Informacje o cyberataku potwierdziła Prokuratura Generalna Federacji Rosyjskiej. Zaatakowane zostały systemy informatyczne Aerofłotu.
Do przeprowadzenia operacji przyznały się dwa ugrupowania hakerskie – Silent Crow oraz Białoruscy Cyberpartyzanci. Są to grupy znane z działalności proukraińskiej. Grupy te twierdzą, że operacja była przygotowywana od roku, a jej celem było całkowite unieruchomienie systemów największego rosyjskiego przewoźnika.
W wyniku ataku zniszczono około 7000 serwerów, a z sieci firmowej wykradziono ponad 20 terabajtów danych, w tym poufne informacje z korporacyjnej poczty elektronicznej oraz zasobów serwerowych.

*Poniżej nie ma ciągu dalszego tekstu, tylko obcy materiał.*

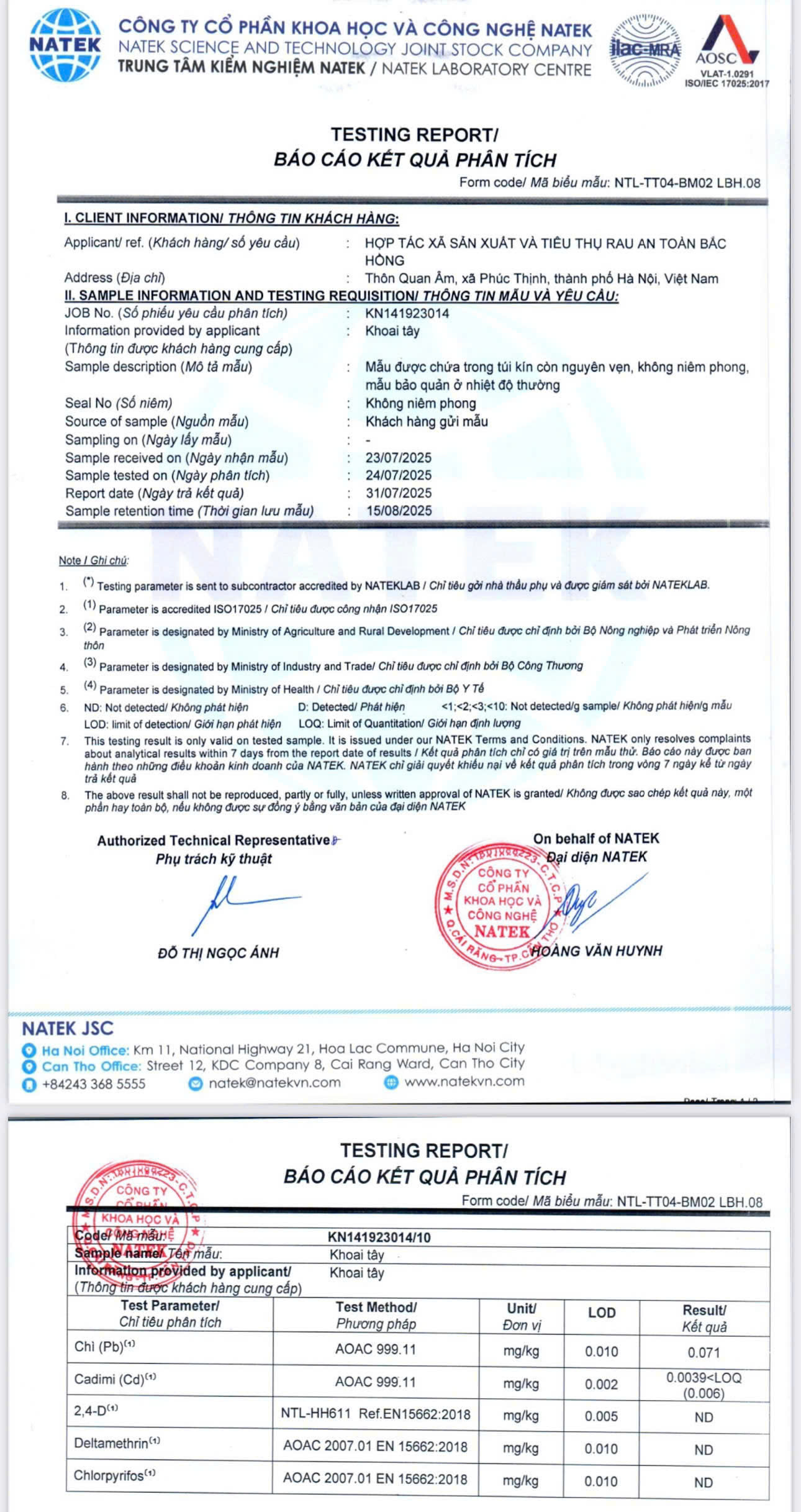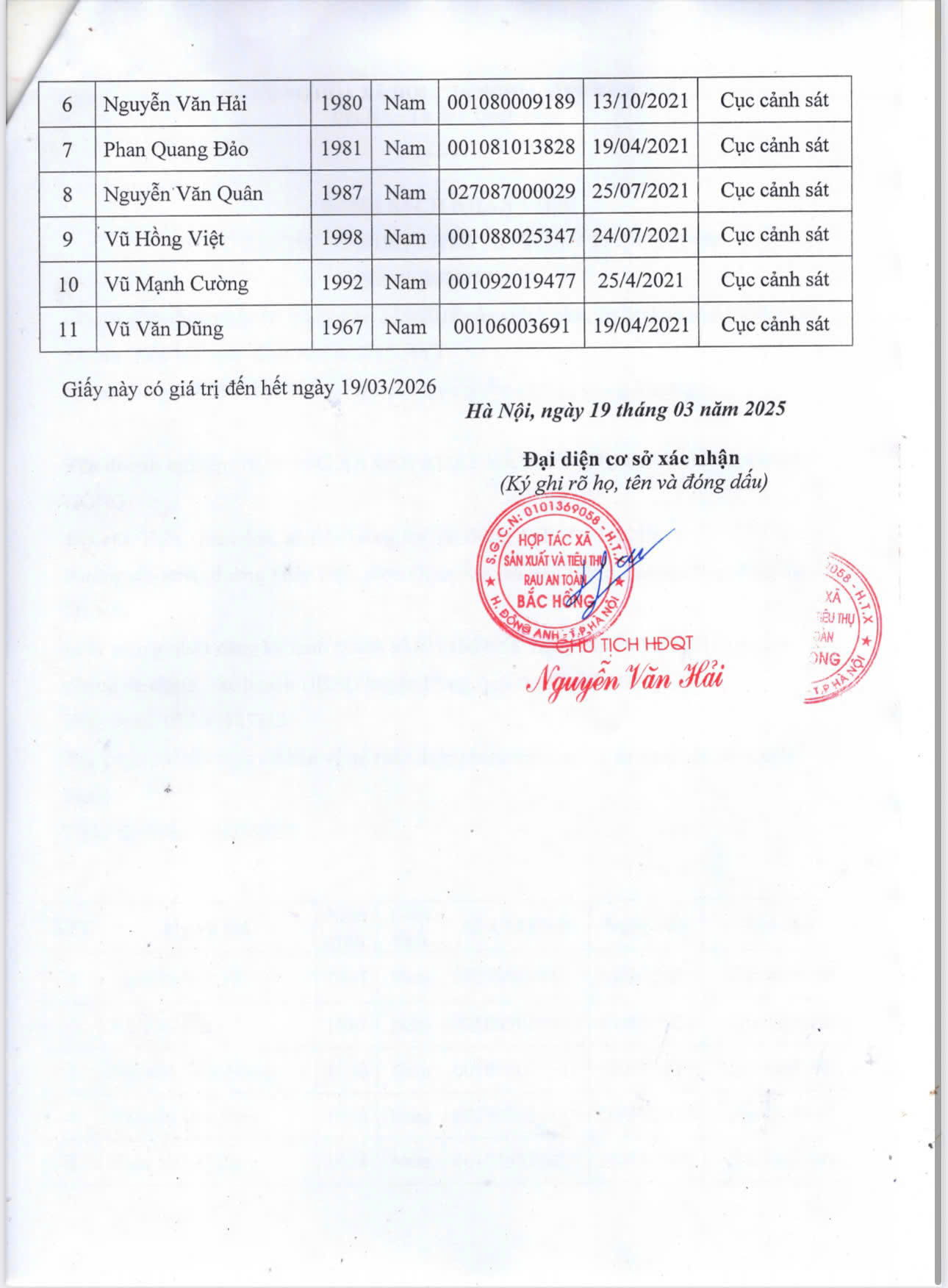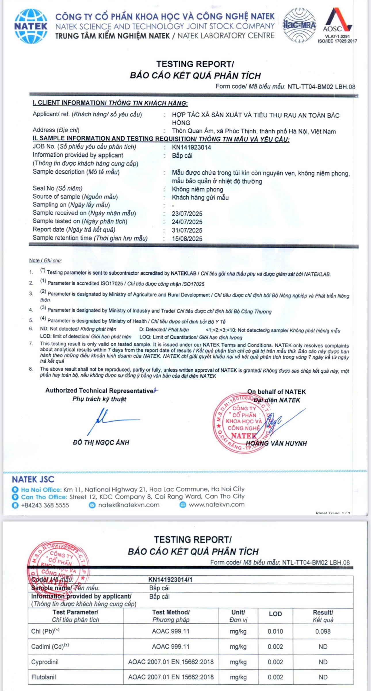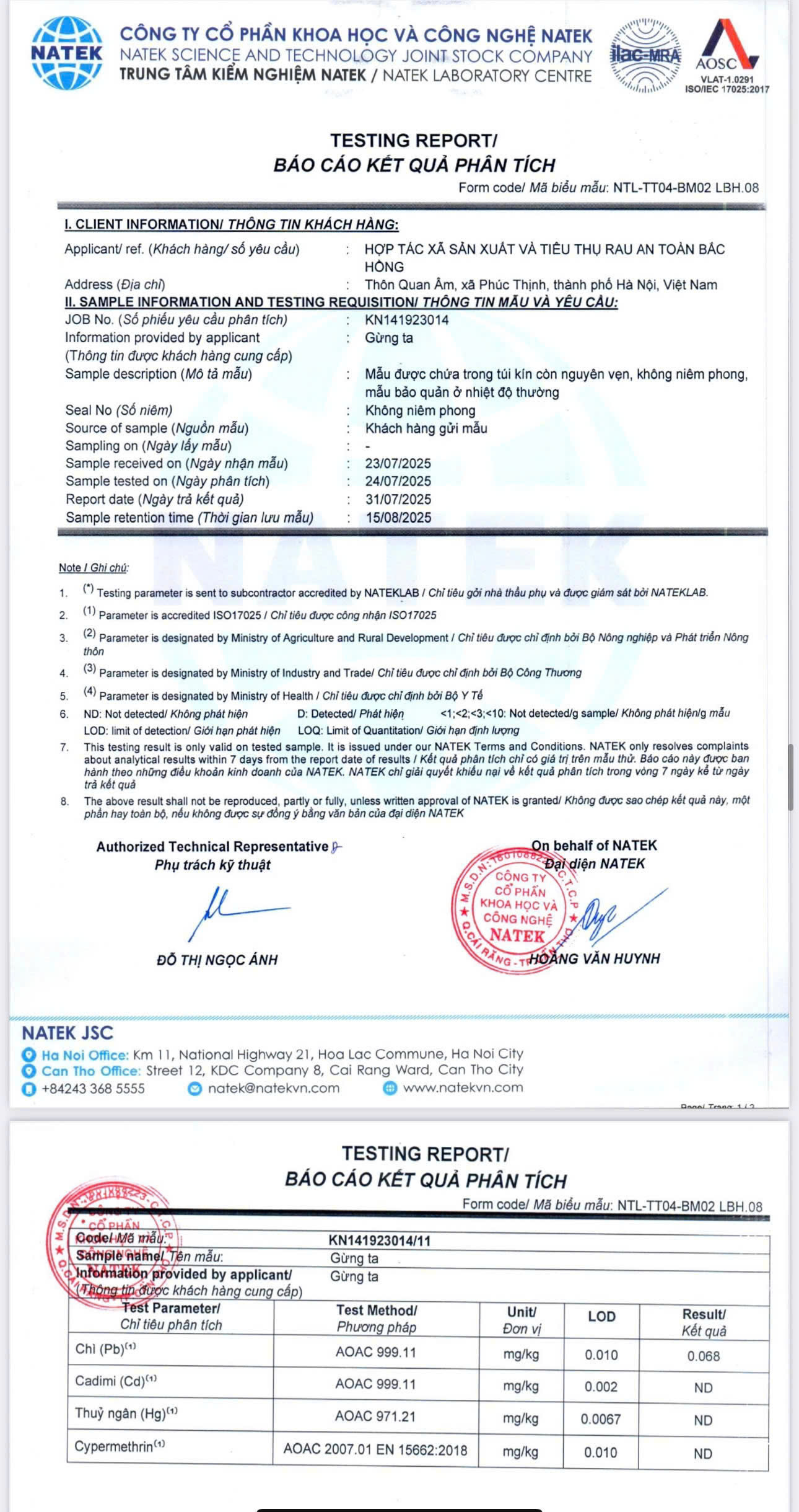 Tên đơn vị/nhà sản xuất: HỢP TÁC XÃ SẢN XUẤT VÀ TIÊU THỤ RAU AN TOÀN BẮC HỒNG

Atak miał być dla Aerofłotu tak dotkliwy ze względu na skrajne zaniedbania rosyjskiego przewoźnika w zakresie cyberbezpieczeństwa Aerofłot miał korzystać ze starych systemów operacyjnych Windows XP oraz Windows Server 2003. Kluczowe dla systemów hasła bezpieczeństwa miały być niezmienione od 2022 roku.
Atak na Aerofłot miał dla rosyjskiego przewoźnika katastrofalne skutki. Linie straciły dostęp do swoich kluczowych systemów, co spowodowało masowe odwołania lotów, zwłaszcza z i do Moskwy. Nad ranem Aerofłot potwierdził odwołanie 40 lotów, jednak liczba ta na pewno wzrosła. Przewoźnik rozpoczął zwracanie pasażerom zarejestrowanego bagażu oraz zwrot pieniędzy za bilety – nie jest to jednak obecnie możliwe z powodu całkowitego paraliżu systemów Aerofłotu.
Władze Aerofłotu apelują do pasażerów odwołanych rejsów, by nie przyjeżdżali na lotniska, aby nie pogarszać i tak już napiętej sytuacji.